PROBLEM TO SOLVE = Your output should be exactly the lines from the one containing "Secret Pal Day" through the final line of the following data, please, with no pictures.

LISTED RECORDS =

****************

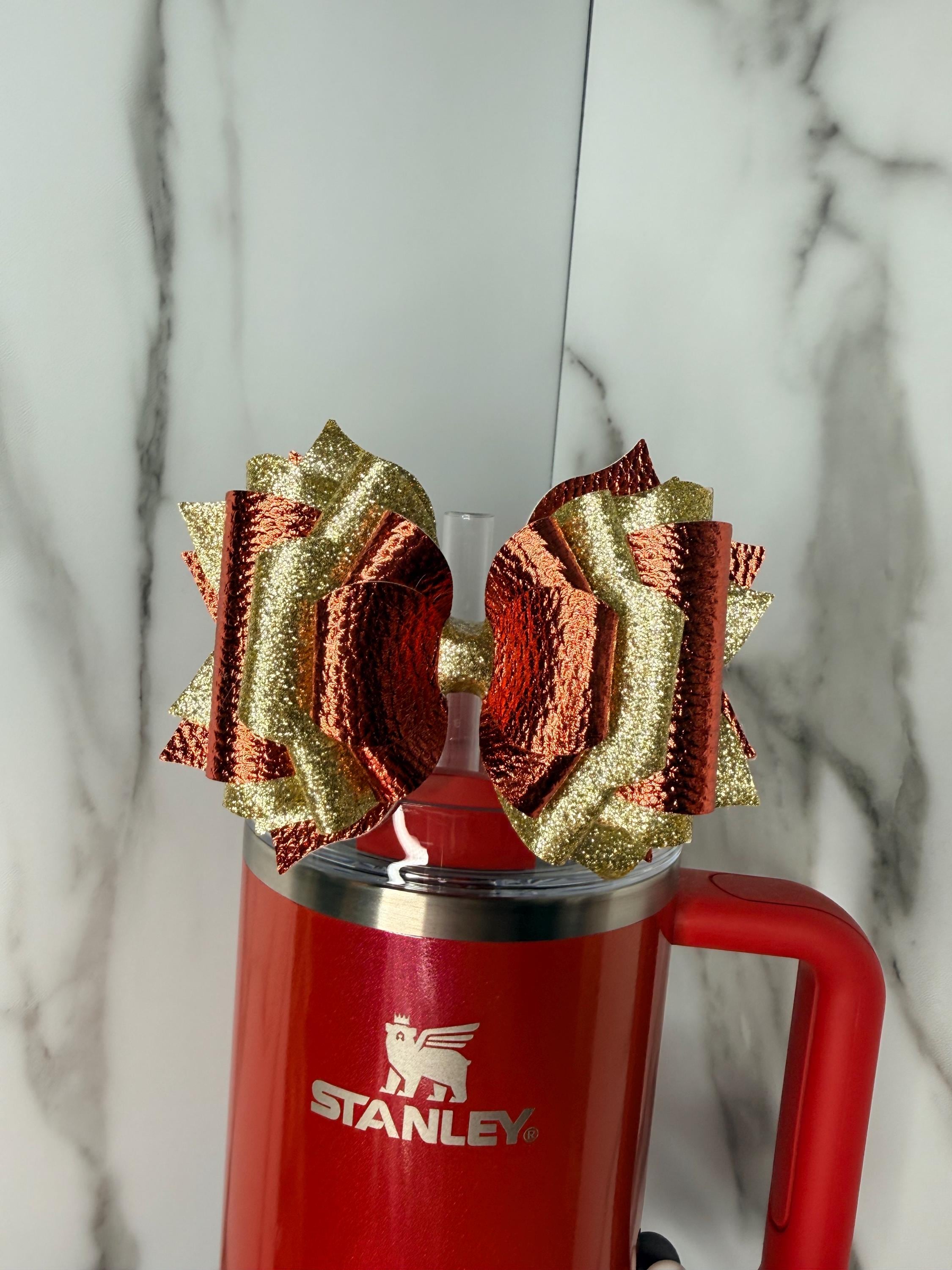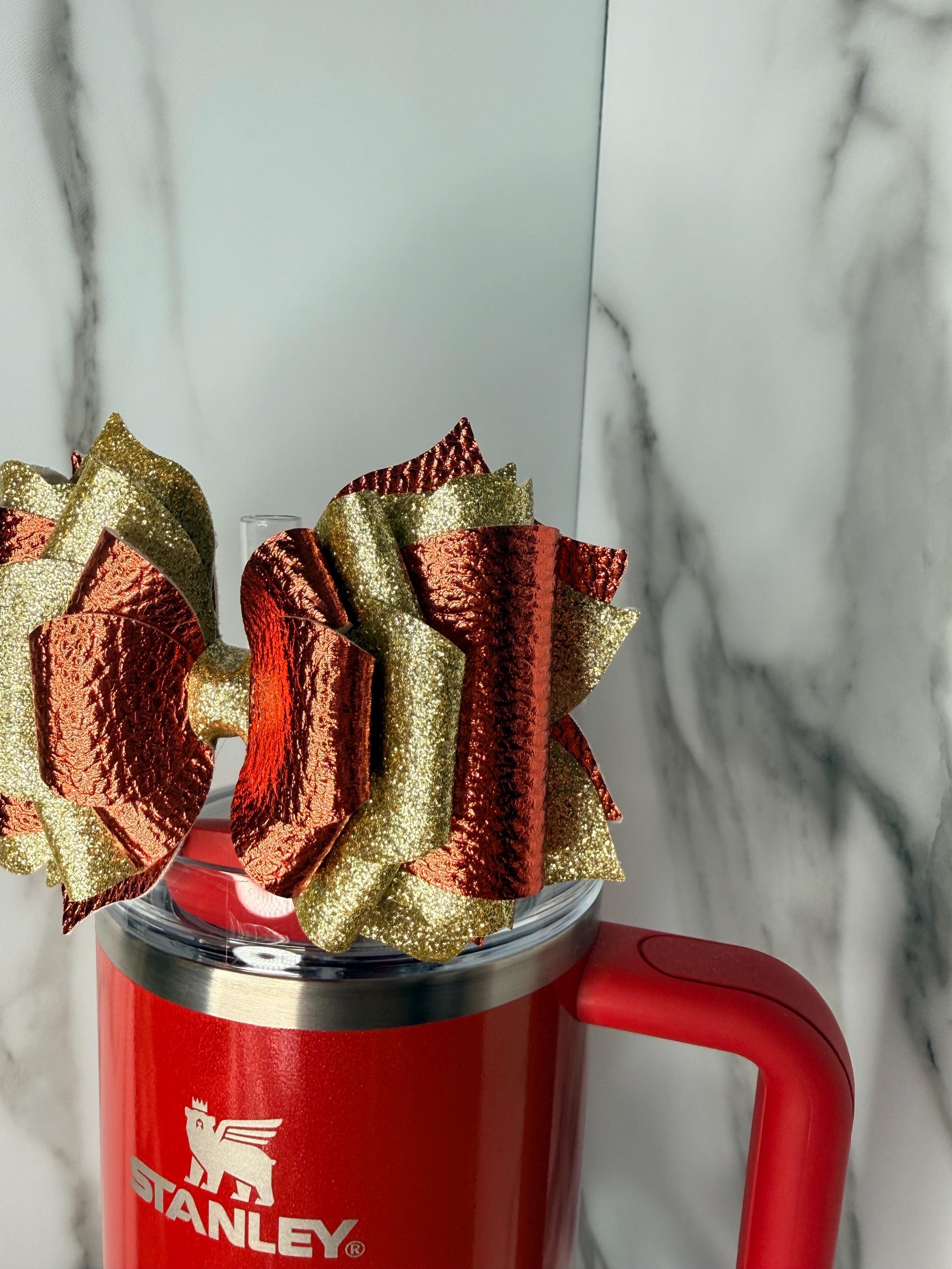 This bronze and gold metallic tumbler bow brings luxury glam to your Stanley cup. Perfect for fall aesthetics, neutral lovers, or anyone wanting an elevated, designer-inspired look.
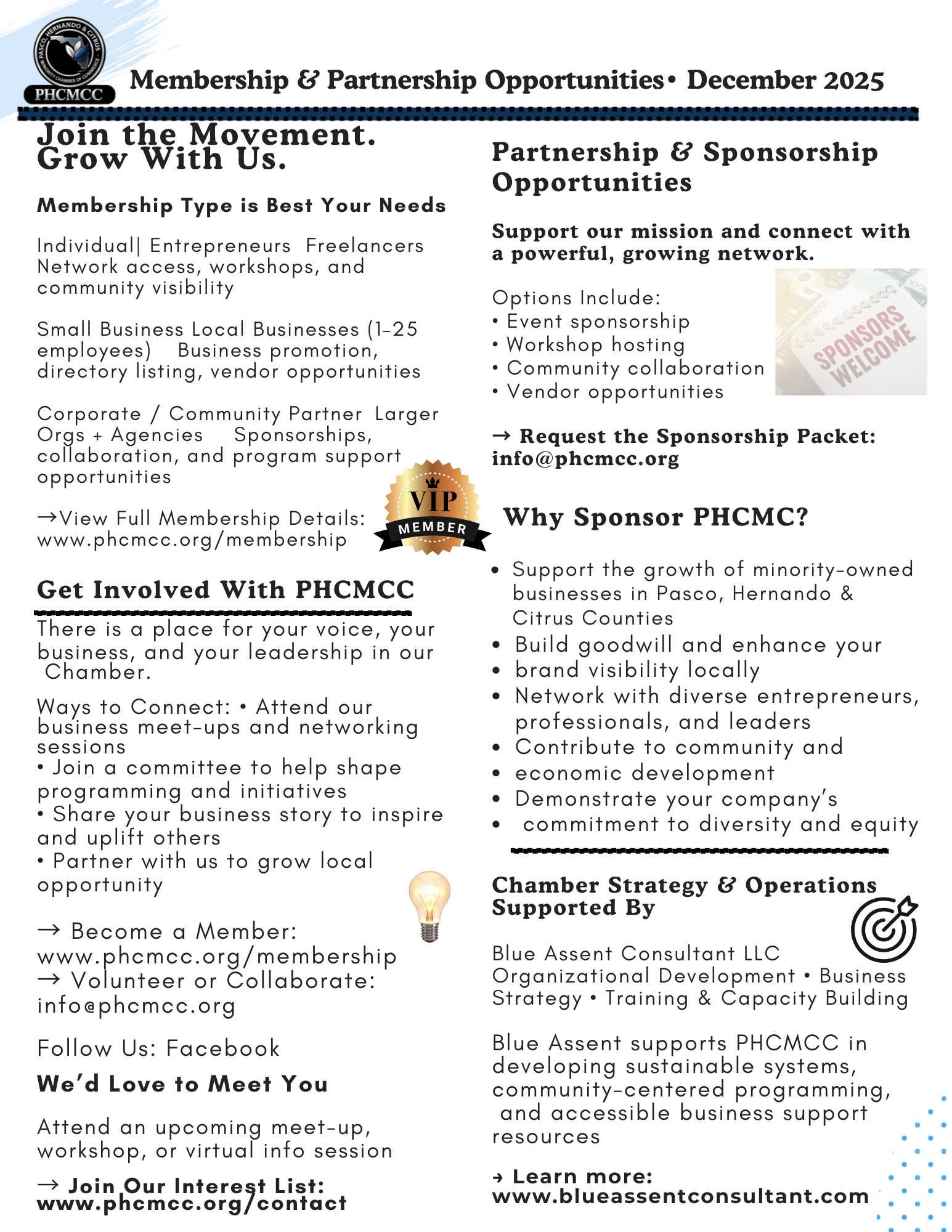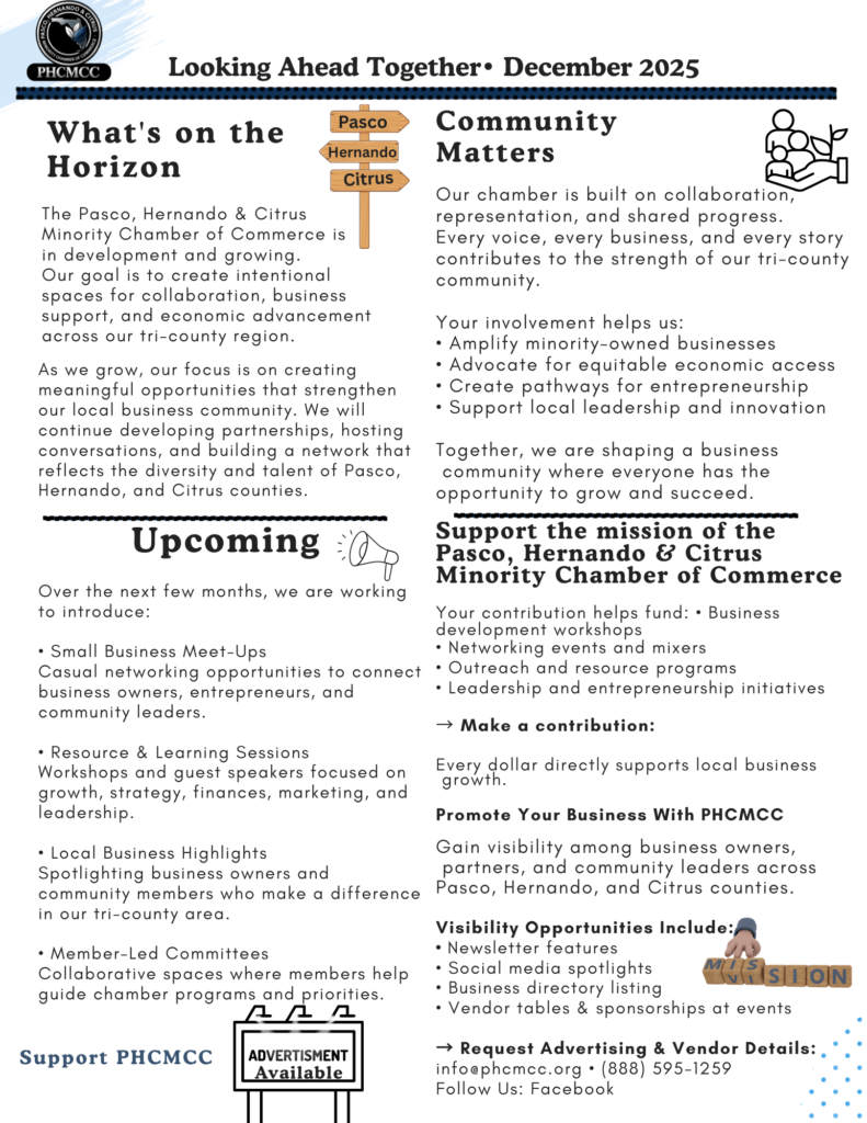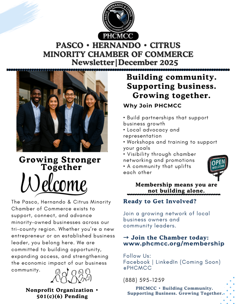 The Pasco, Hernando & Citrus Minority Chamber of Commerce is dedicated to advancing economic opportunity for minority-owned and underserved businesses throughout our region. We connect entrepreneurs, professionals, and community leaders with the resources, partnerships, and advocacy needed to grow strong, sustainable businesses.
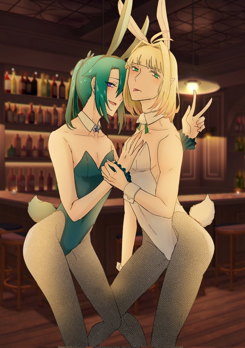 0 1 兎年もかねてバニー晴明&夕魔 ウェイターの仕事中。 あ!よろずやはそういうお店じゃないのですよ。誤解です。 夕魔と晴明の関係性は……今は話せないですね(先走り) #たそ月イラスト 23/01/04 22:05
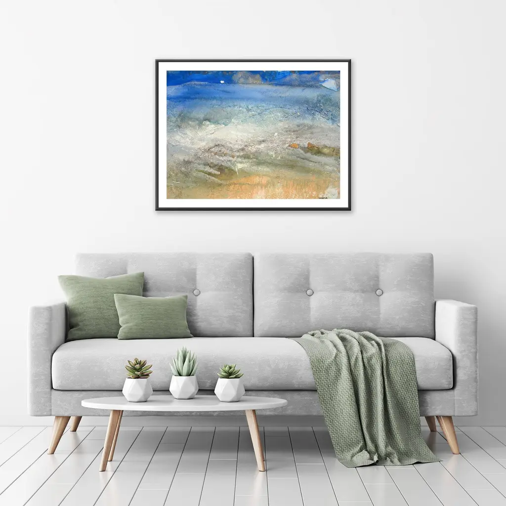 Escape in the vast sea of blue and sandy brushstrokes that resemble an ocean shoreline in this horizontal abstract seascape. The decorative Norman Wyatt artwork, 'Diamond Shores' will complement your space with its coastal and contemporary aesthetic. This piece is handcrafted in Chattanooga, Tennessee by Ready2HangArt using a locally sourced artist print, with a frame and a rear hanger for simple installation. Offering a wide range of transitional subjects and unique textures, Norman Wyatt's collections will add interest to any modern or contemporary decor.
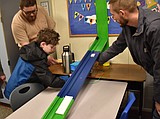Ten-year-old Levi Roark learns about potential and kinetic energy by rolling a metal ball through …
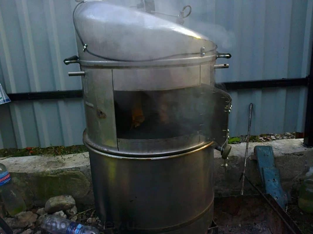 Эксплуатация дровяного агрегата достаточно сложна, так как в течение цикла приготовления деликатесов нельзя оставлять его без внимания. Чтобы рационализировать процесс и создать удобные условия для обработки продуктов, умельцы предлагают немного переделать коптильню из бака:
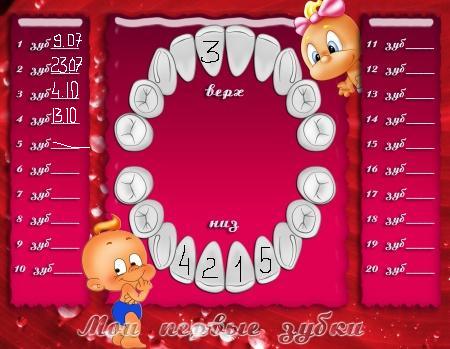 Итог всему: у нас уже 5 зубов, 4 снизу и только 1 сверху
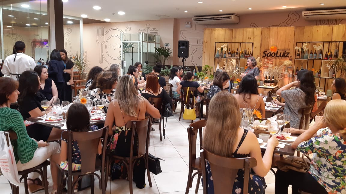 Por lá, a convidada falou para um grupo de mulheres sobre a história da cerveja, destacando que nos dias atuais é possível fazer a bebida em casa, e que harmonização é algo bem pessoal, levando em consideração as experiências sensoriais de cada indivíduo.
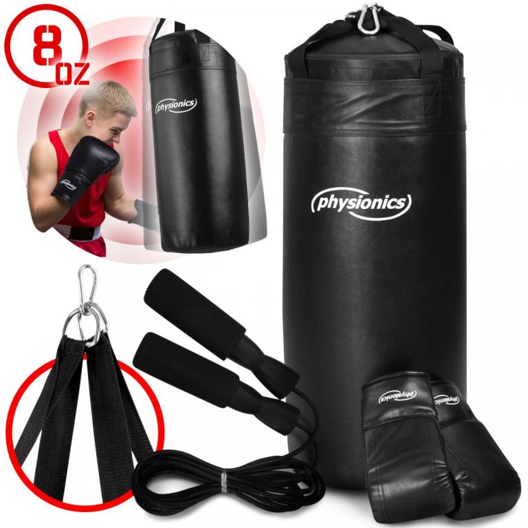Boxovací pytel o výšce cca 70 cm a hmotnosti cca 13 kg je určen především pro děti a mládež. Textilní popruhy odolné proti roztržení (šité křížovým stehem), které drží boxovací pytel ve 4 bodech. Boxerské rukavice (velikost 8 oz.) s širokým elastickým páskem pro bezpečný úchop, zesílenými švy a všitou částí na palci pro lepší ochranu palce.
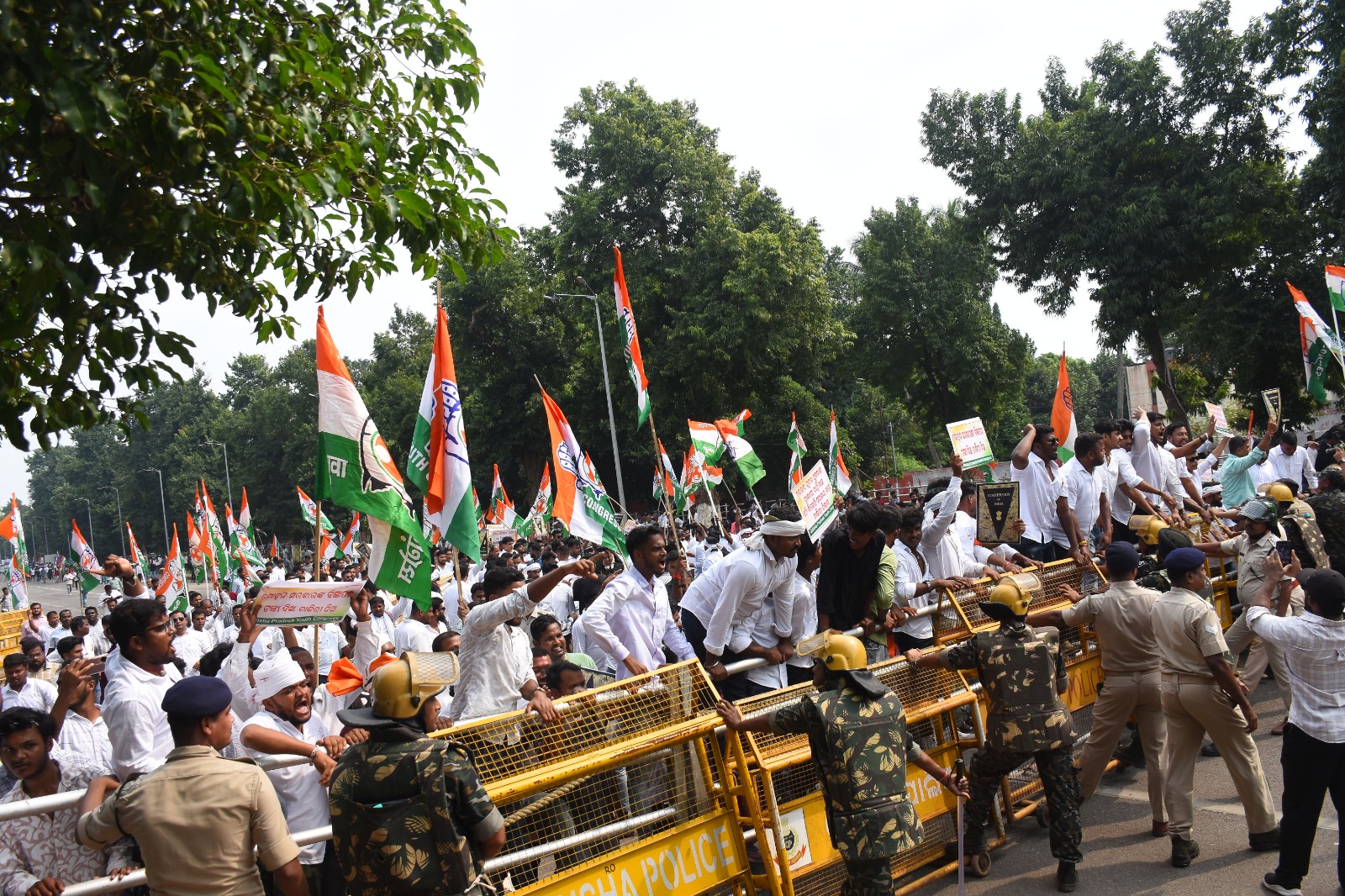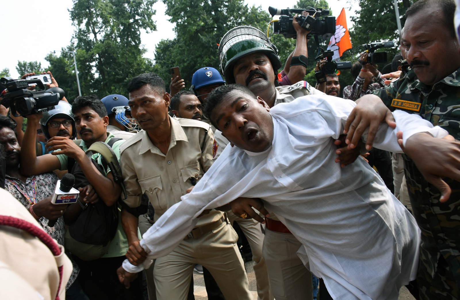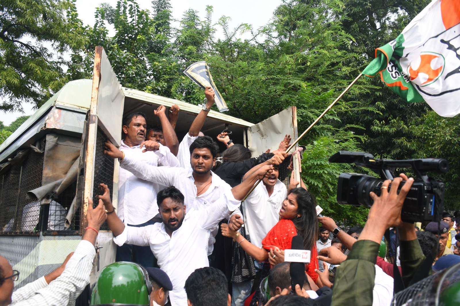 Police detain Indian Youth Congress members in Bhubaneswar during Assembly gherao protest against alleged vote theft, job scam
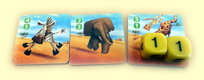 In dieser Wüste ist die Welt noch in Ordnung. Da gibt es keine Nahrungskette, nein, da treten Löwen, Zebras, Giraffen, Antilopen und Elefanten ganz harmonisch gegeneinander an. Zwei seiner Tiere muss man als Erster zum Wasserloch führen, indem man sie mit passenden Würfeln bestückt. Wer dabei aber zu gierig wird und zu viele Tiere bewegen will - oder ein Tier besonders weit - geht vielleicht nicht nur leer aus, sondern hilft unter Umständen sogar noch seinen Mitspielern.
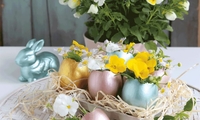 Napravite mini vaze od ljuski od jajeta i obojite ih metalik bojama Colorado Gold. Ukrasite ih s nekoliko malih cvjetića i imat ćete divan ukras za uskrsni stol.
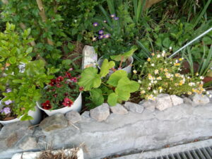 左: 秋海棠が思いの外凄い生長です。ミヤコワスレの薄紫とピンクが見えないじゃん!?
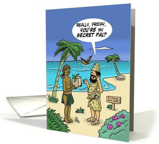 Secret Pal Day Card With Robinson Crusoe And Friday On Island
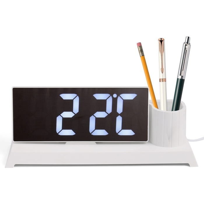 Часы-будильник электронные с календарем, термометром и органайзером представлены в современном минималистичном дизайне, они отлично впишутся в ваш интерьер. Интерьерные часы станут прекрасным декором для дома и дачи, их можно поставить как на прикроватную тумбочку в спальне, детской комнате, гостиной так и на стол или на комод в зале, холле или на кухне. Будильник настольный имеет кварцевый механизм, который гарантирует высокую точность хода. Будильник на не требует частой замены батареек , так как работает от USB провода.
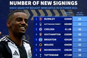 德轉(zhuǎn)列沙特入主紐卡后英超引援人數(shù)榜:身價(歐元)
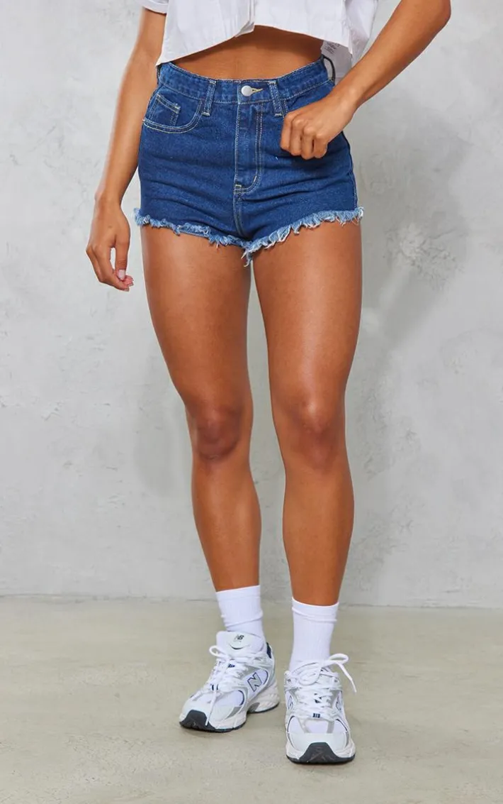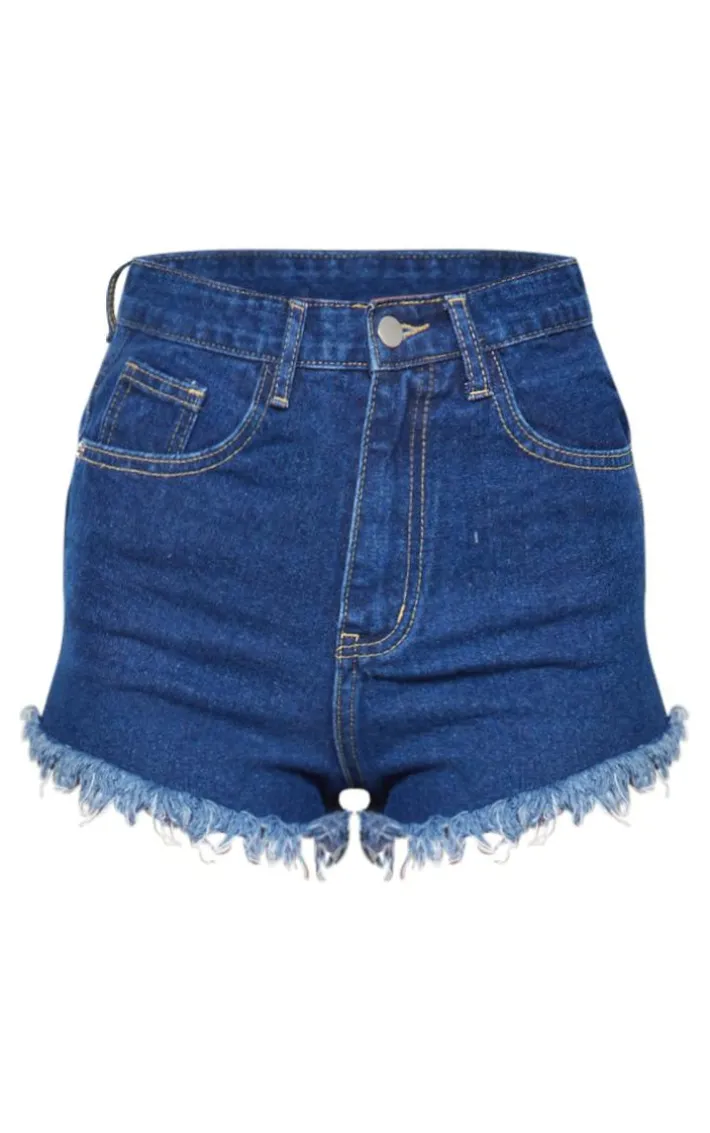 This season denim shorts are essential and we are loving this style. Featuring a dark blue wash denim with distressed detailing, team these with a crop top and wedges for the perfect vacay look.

****************

TASK OUTPUT =
 Secret Pal Day Card With Robinson Crusoe And Friday On Island
 Часы-будильник электронные с календарем, термометром и органайзером представлены в современном минималистичном дизайне, они отлично впишутся в ваш интерьер. Интерьерные часы станут прекрасным декором для дома и дачи, их можно поставить как на прикроватную тумбочку в спальне, детской комнате, гостиной так и на стол или на комод в зале, холле или на кухне. Будильник настольный имеет кварцевый механизм, который гарантирует высокую точность хода. Будильник на не требует частой замены батареек , так как работает от USB провода.
 德轉(zhuǎn)列沙特入主紐卡后英超引援人數(shù)榜:身價(歐元)
 This season denim shorts are essential and we are loving this style. Featuring a dark blue wash denim with distressed detailing, team these with a crop top and wedges for the perfect vacay look.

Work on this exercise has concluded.